Caches and Memory Hierarchy

From registers to DRAM — understanding latency, bandwidth, and why cache-friendly code wins.

Updated March 18, 2026

memorycachelatencybandwidth

The Pyramid

LevelTypical sizeLatency (cycles)
Registers~few hundred B0–1
L1 cache32–64 KB~4
L2 cache256 KB – 1 MB~12
L3 cache8–64 MB~40
DRAM16–512 GB~200
NVMe SSDTB-scale~10 000+

Every level trades capacity for speed. A program that fits its working set in L1 will feel instant; one that thrashes DRAM will crawl.

Registers

Registers are the fastest memory level. They are located on the same chip as the CPU cores and are used to store the most frequently used data and instructions.

Cache

Cache Lines and Spatial Locality

Caches operate on 64-byte lines. Accessing one byte pulls in the entire line, so iterating a contiguous array is essentially free after the first miss — this is spatial locality at work.
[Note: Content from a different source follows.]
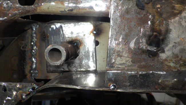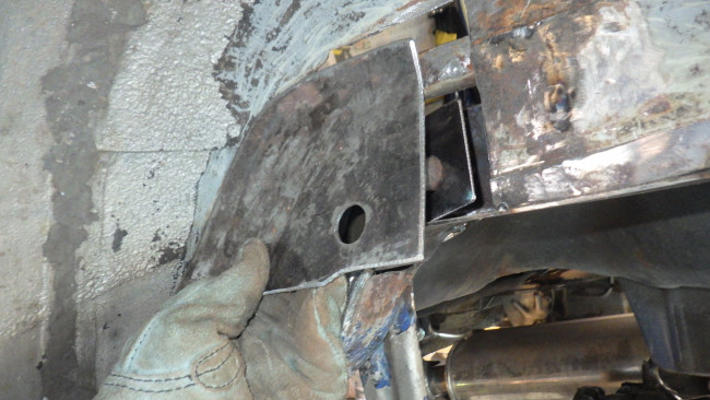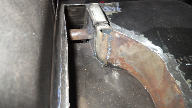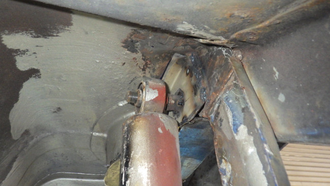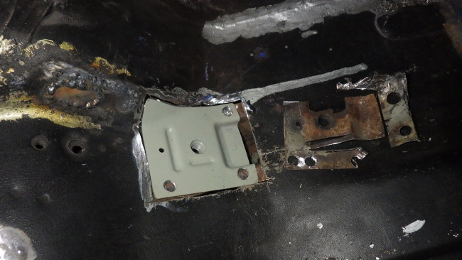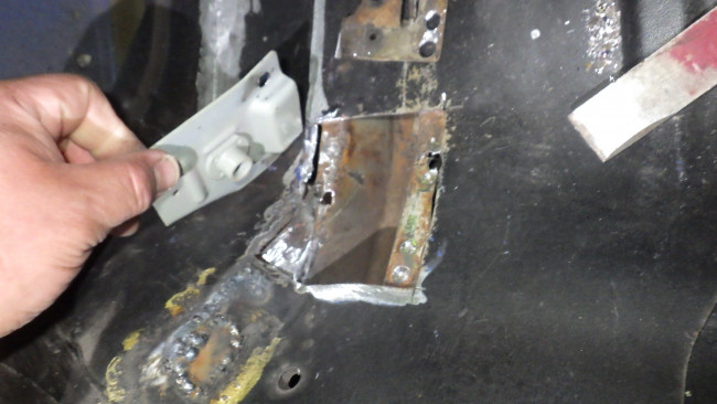 右側のリヤフロアサイドメンバーにスポットされているリヤシートベルトバックルが装着される部分も腐食が酷かったので、追加で補修します。
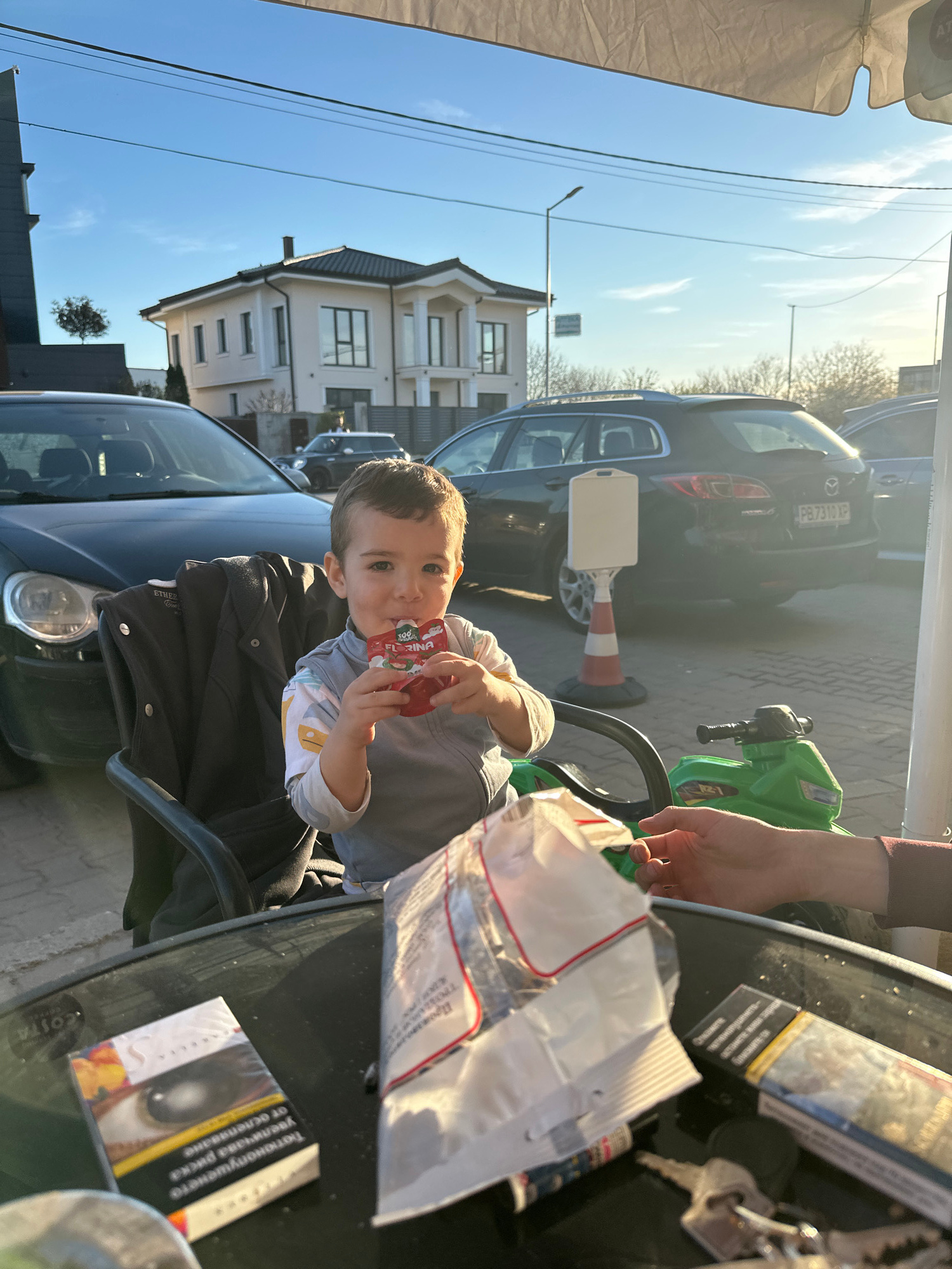 A young child is eating from a "Florina" brand food pouch, seated at a table outdoors, possibly at a cafe or a rest stop, in what appears to be the city of Plovdiv, Bulgaria. Several cars are parked n…read more

int32_t[] a = ...; // initialize array

// cache-friendly: sequential access
for (int i = 0; i < N; i++)
    sum += a[i];

// cache-hostile: strided access
for (int i = 0; i < N; i += STRIDE)
    sum += a[i];
Questions
  1. What is the STRIDE in the example code?
Answers
  1. A cache line is 64 bytes and each int32_t is 4 bytes, so STRIDE = 64 / 4 = 16. At this stride every access lands in a different cache line, eliminating all spatial locality benefit.

Cache Types

  • Inclusive cache: all cache lines are stored in the cache.
  • Exclusive cache: only the cache lines that are not in the cache are stored in the cache.

Cache

There is a fundemental trade off between the size of the cache and the number of cache lines that can be stored in the cache. The more cache lines that can be stored in the cache, the more cache lines that can be stored in the cache. The more cache lines that can be stored in the cache, the more cache lines that can be stored in the cache.

Prefetching

Hardware prefetchers detect sequential and strided patterns automatically. Software prefetch intrinsics (__builtin_prefetch, _mm_prefetch) give you explicit control when access patterns are irregular.

Rule of thumb: Measure with perf stat — if your L1 miss rate is above ~5 %, there is likely a data layout opportunity.